Wonach richtet sich Liam Cromby musikalisch aus? Das neue Album ist ja keine Rockscheibe geworden, sondern eher ein Album im Stile des amerikanischen Heartland-Sounds – jener Art von Musik also, mit der Liam aufwuchs. Denkt er überhaupt in Kategorien wie „Genres“ oder „Formate“?

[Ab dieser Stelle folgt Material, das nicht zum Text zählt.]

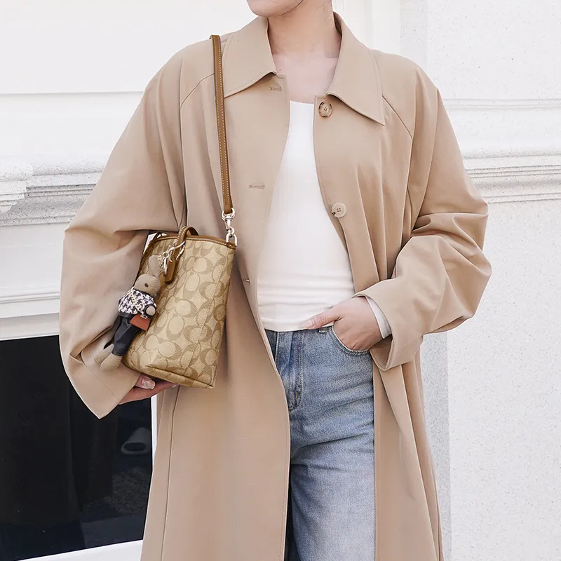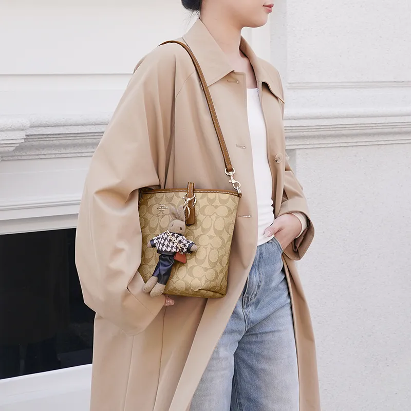 Lan Bao Fan 소가죽 크로스바디백/와이드 스트랩 미니 쇼핑백 스트랩 포함 여성 밀크 티 - POIZON
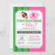 Tirar un toque divertido o el tema del tuto de género revelar fiestas usando estas lindas invitaciones. Este diseño incluye fútbol, tutu, rayas verdes y puntos de polka rosa. Personalice fácilmente con los detalles de su evento.
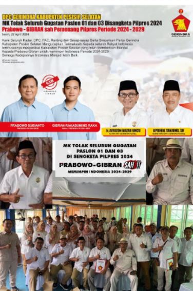 Terakhir , Pasca putusan MK Kalimat terakhir tambah Bg, DPC, Fraksi DPRD, Pac dan Ranting Partai gerindra Pessel terima kasih atas perjuangan dan kerja keras dari seluruh masyarakat Pessel.
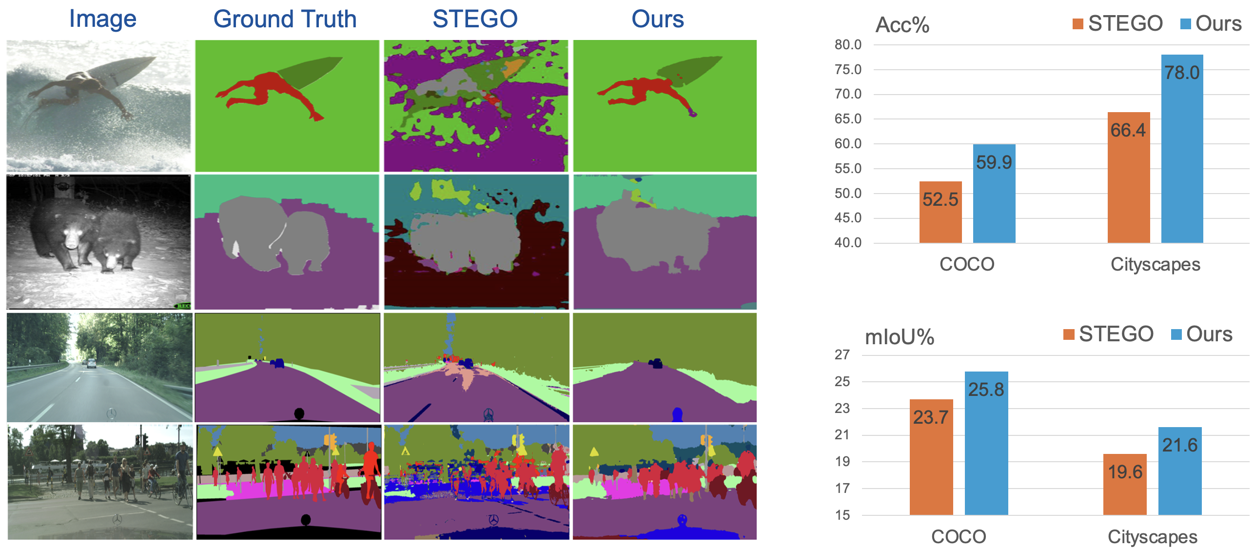 | Quantitative and qualitative comparisons between our approach with the state-of-the-art STEGO. |

„Nein ich denke nicht allzu viel über so etwas nach, sondern mache einfach“, führt er aus, „wenn man nämlich zu viel über solche Sachen nachdenkt, dann hört irgendwann die Magie des Musizierens auf. Der Ansatz bei den Aufnahmen war einfach der: 'Hier ist ein Song – der ist wie er ist. Lasst uns einstöpseln und möglichst alles in einem Take zusammen aufnehmen.' Die Jungs, mit denen ich die Songs einspielte, hatten die Demos der Songs erst einen Tag vor den Aufnahmen gehört und konnten deswegen ihre eigenen Ideen einbringen. Es ist nur unheimlich wichtig, die Sachen live zusammen einzuspielen. Ich habe zwar nichts gegen Studiotechnik und Patchwork-Arbeiten – aber dieses Album sollte so rau und direkt und imperfekt sein, wie nur möglich.“
Wie geht es weiter für Liam Cromby? War das neue Album ein Testballon oder ist er jetzt wieder „im Geschäft“?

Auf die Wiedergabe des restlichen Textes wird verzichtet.